There is no long line of hungry and eager people taking up space. Instead, they wait seated in booths or at the long table  — perfect for socializing — in the middle of the room.

Heaven’s Helpers Soup Cafe opened in a converted gas station in March 2009. The meals are free and the servers don’t expect tips. The only rule is that nobody wastes anything.

No questions are asked and the customers are not rushed out after they finish their meals. Coffee and free desserts —including a table of take-home caramel rolls and bread loaves — are offered along with television and Christian music. But for the daily patrons, the socializing is the most tantalizing item on the menu.

“It’s truly a mission fueled right here in Bismarck,” said owner Mark Meier. “No one should go hungry.”

Most soup kitchens are open certain days of the week with limited hours, but Heaven’s Helpers is open 11 a.m. to 7 p.m. Monday through Friday and 1 to 5 p.m. Saturdays.
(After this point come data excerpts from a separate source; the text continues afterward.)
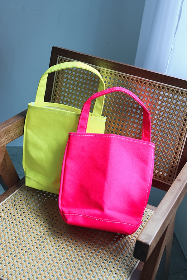ネオンカラーのバゲットトートや巾着ポシェット〈TOUMEI〉など、夏の日差しに映えるラインナップをご用意しております。
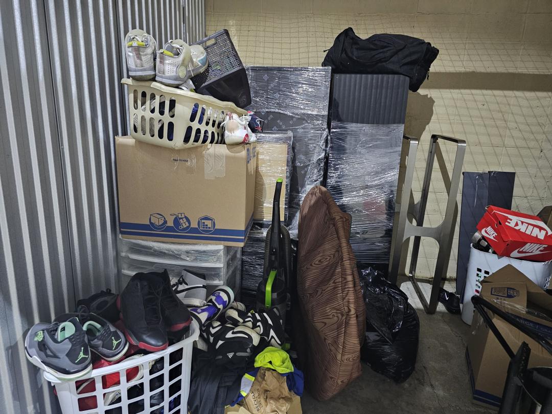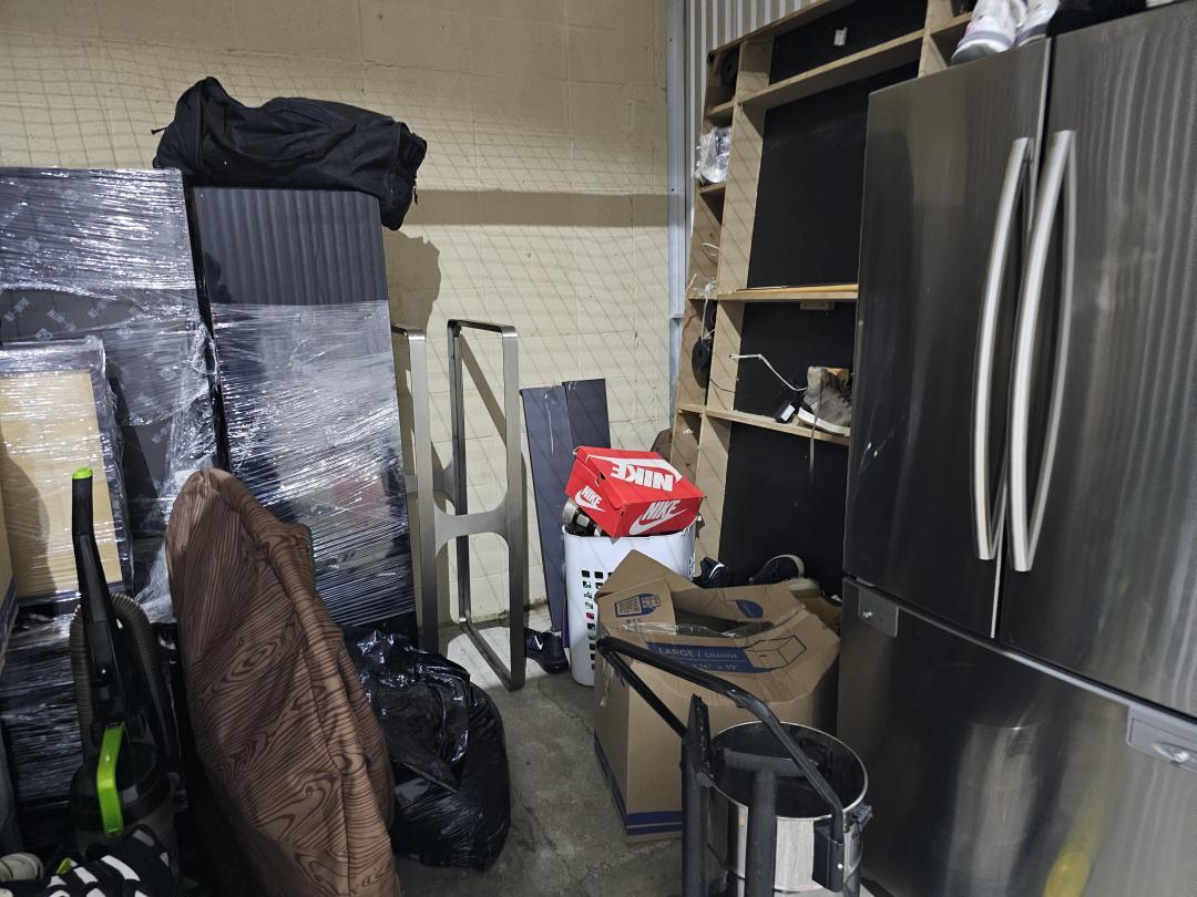 This unit appears to contain…Fridge, Plastic Bags, Misc. Boxes, Misc. Items, Laundry Baskets, shoes, vacuum, clothes
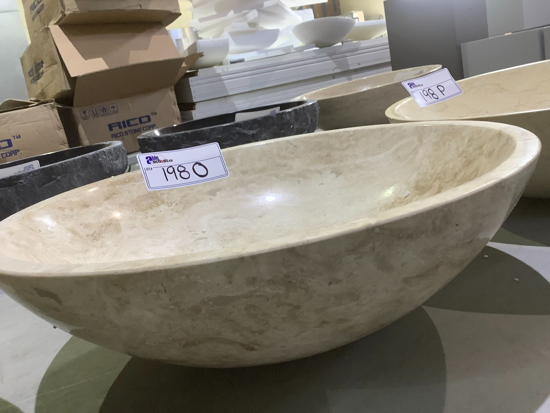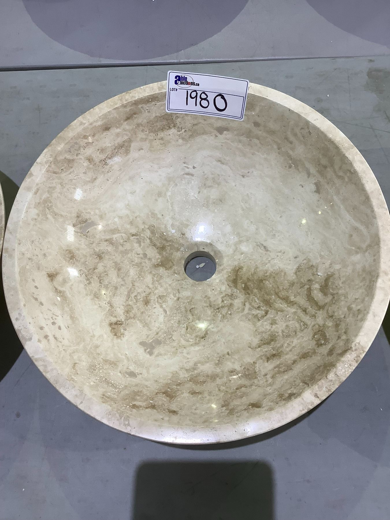 NATURAL STONE MARBLE ROUND VESSEL SINK 17X5-1/4"
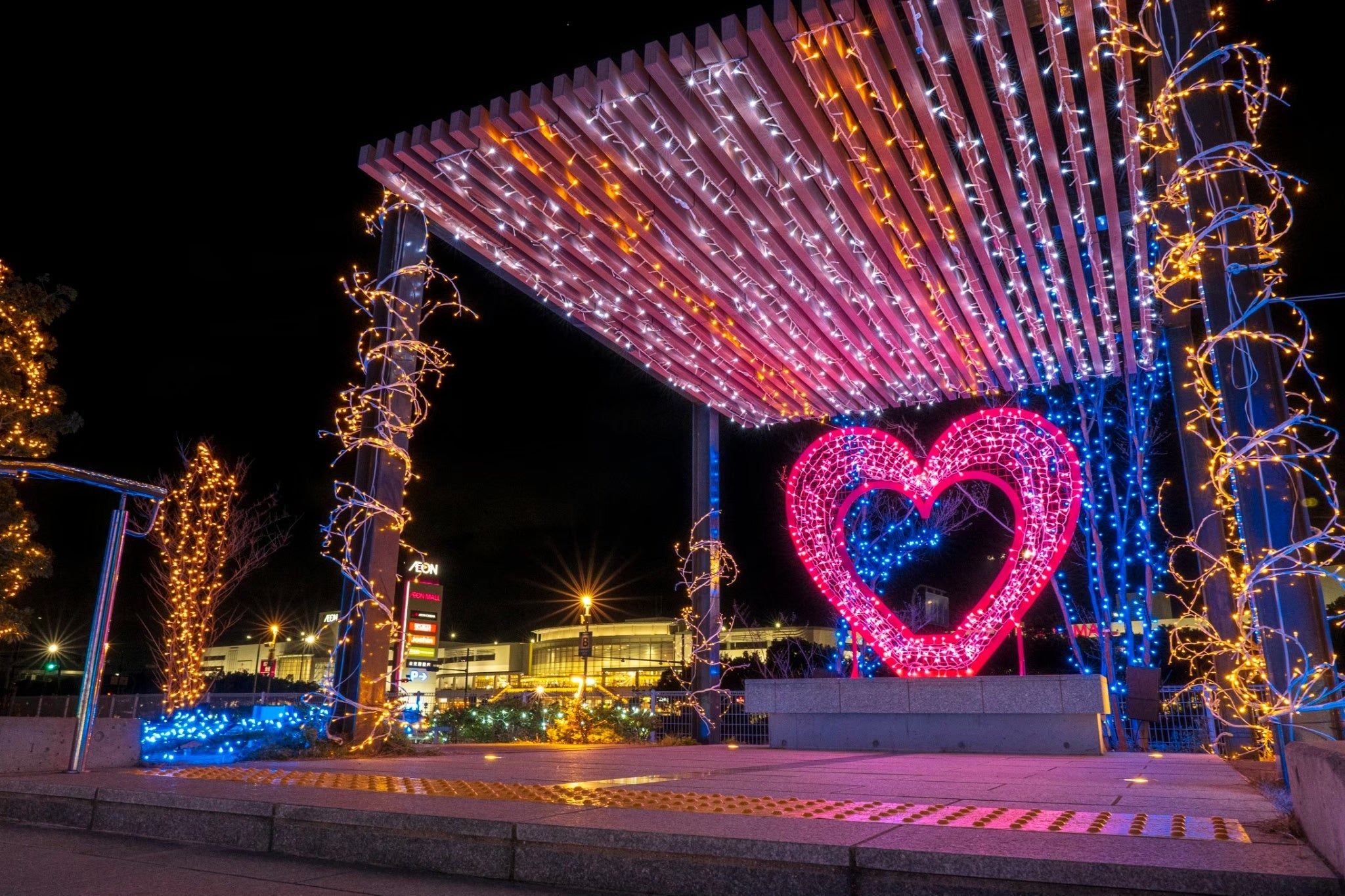 冬の風物詩として今年で4年目を迎える本企画は、公園内のコミュニティエリアに総数6万球のLEDライトを散りばめ、冬にしか見ることのできない煌めく光の公園を演出します。寒さを感じさせない、温かな光と美しい色彩がSENNAN LONG PARKを幻想的な夜の世界へと変えます。高さ約1.8mの大きなハートのモニュメントや、そのほかたくさんのハート型の幻想的なイルミネーションが、恋人の聖地である泉南の海辺を美しく彩ります。家族や友達と光の世界に包まれて特別な時を過ごしてみてはいかがでしょうか?
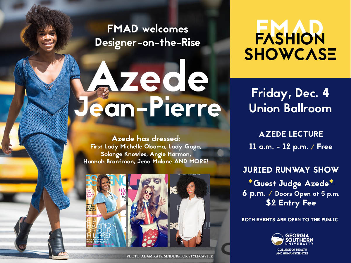 Georgia Southern University’s Fashion Merchandising and Apparel Design (FMAD) program and Fashion Menagerie, Georgia Southern’s premier fashion student organization, will host fashion designer Azede Jean-Pierre for a lecture and guest judge at the student Showcase, set for Friday, Dec. 4, in the Russell Union Ballroom. Jean-Pierre is a fashion designer whose young womenswear label is based in New York City, and has been committed to celebrating the sensual femininity of its customer since the company’s inception. Jean-Pierre was born in Pastel, Haiti, and was raised in Atlanta, Georgia. After three years as a student at Savannah College of Art and Design, she decided to launch her own label and later moved to New York City and honed her skills interning at Ralph Rucci and Ohne Titel before branching out on her own.Jean-Pierre’s collection has been picked up by Moda Operandi, Chalk Boutique in Chicago, VOD boutique in Dallas, Exodus Goods in Nola, Tinker Tailor and the brand’s online store. The label has also been featured in many major publications and has become a red carpet favorite for several very stylish and influential celebrities like Solange Knowles, Lady Gaga and First Lady Michelle Obama. Jean-Pierre will present a lecture at 11 a.m. during her visit to Georgia Southern, and will hold a question and answer session along with private critiques for senior design students at 3 p.m. She will then be a guest judge for the Showcase, set for 6 p.m. in the Russell Union Ballroom. The Showcase, which is a runway show and styling competition, includes work from current FMAD design students as well as local and student stylists and alumni. Tickets for the showcase are $2 and may be purchased at the door or in advance through Fashion Menagerie Fashion Organization.The FMAD program area, part of the College of Health and Human Sciences’ School of Human Ecology, has two areas of emphasis, fashion merchandising and apparel design. The program of study provides a broad liberal education with a focus on the diverse careers in textiles, apparel production and fashion industries. Students receive specialized training in fashion illustration, pattern making, draping design, manual and computer aided design and fashion buying. The program has been named one of the top fashion merchandising schools in the United States by fashion-schools.org. In a review that looked at more than 200 institutions and their academics, admissions, programs, faculty and other criteria, Georgia Southern ranked among the top 25 percent in the nation and made the top schools list at 49. The University was also ranked ninth on the list of Top 15 Fashion Schools in the South. Notable fashion alums: Mychael Knight – Celebrity fashion designer, Emily Bargeron – Fashion Designer Mamie Ruth, and Diane Bailey – Designer/ Owner Bailey Boys.

“(Heaven’s Helpers) is pretty much the only place in town that is available every day pretty much,” said Heidi Selby, vice president of the Missouri Valley Coalition for Homeless People.

During the past year, the soup cafe has only gotten busier, racking in 40-70 visitors per day in the beginning of the month, when food stamps are still in fresh supply, and 60-120 during the final days of the month.

For Sandy Hegel, the people are what keep her coming back every day. The free food when her disability checks run low is an added bonus.

“You can sit and visit; even if I don’t say much I listen,” Hegel said.

She sits across from Jerry Nagel almost every day. The two met at the soup cafe and now see each other regularly as they relax and enjoy a cup of coffee.

This little community shares meals and stories about the tough times — something more and more Americans are experiencing. The soup cafe is located at 619 Memorial Highway, a part of town that has a little bit more need, Meier said.

“I know a lot of my clients really enjoy going there,” Selby said.

Heaven’s Helpers Soup Cafe is a member of the Missouri Valley Coalition for Homeless People. It not only serves the homeless but anyone who has difficulty making ends meet.

Hegel is on disability from a hip problem that made her quit a nursing job. Nagel is a veteran and receives aid from the government.

On top of being unemployed, Hegel has three daughters. Her daughter Rose just finished her first year at Bismarck State College and still lives at home. She also attends Heaven’s Helpers or just stops by to see her mom.

Other patrons — Meier said about 25 percent — can afford to pay for their meals.

“They can get a good meal here and pay for someone who can’t afford it,” Meier said.

Broccoli cheese soup and minestrone, ham sandwiches and hot dogs made up a recent menu. But Nagel said the knoephle is his favorite, a recipe that sometimes includes Olive Garden’s alfredo sauce instead of milk, depending on what is available.

Part-time volunteers and donations run Heaven’s Helpers. Meier said he does not make a weekly grocery list. Instead, he bases the menu off of whatever “God provides.” The food comes from the Great Plains Food Bank and local restaurants like Olive Garden.

“What’s been amazing for me is how God provides,” Meier said.

“From the very start, he’s paid for the rent, lights, food and everything along the way.”

Meier said he has seen the soup multiply in the pot and watched the donation box fill with more than $500, without which he wouldn’t have had money to pay the rent.

“This is the Lord’s, not my ministry, and he takes care of his children,” Meier said.

Meier started the Heaven’s Helpers organization in 2007, according to the website Heavenshelpers.org. It provides help in understanding the Bible and encourages people to “do what Jesus did” by helping those in need.

But for Meier, that wasn’t enough. He quit his job as a Xerox salesman and opened the soup cafe.

“I’m just a servant of the Lord,” Meier said. “I really foresee working for the Lord for the rest of my life.”

Now he works at the soup cafe 70-80 hours a week without pay.

“I probably work harder than I have in the past,” Meier said. “Even though I’m working longer hours and harder, it seems easy.”

The confirmation of faith and joy of serving those in need makes the extra hours, work and lack of pay worth it.

Heaven’s Helpers doubles as a Christian ministry providing non-denominational Bible fellowships on Sundays with a meal, free of course, afterward. Meier also holds a men’s Bible study at 7 p.m. on Tuesdays, one for kids on Wednesdays and one for everyone on Fridays.

“We believe what the Bible says and that is what we go by,” Meier said. “We try to show the love of Christ every day here.”

Whether the regulars attend for spiritual guidance, which Meier will gladly provide while serving up a bowl of soup, or just for a free meal, Heaven’s Helpers Soup Cafe is a staple in their lives.

“It does good to come in here,” Hegel said.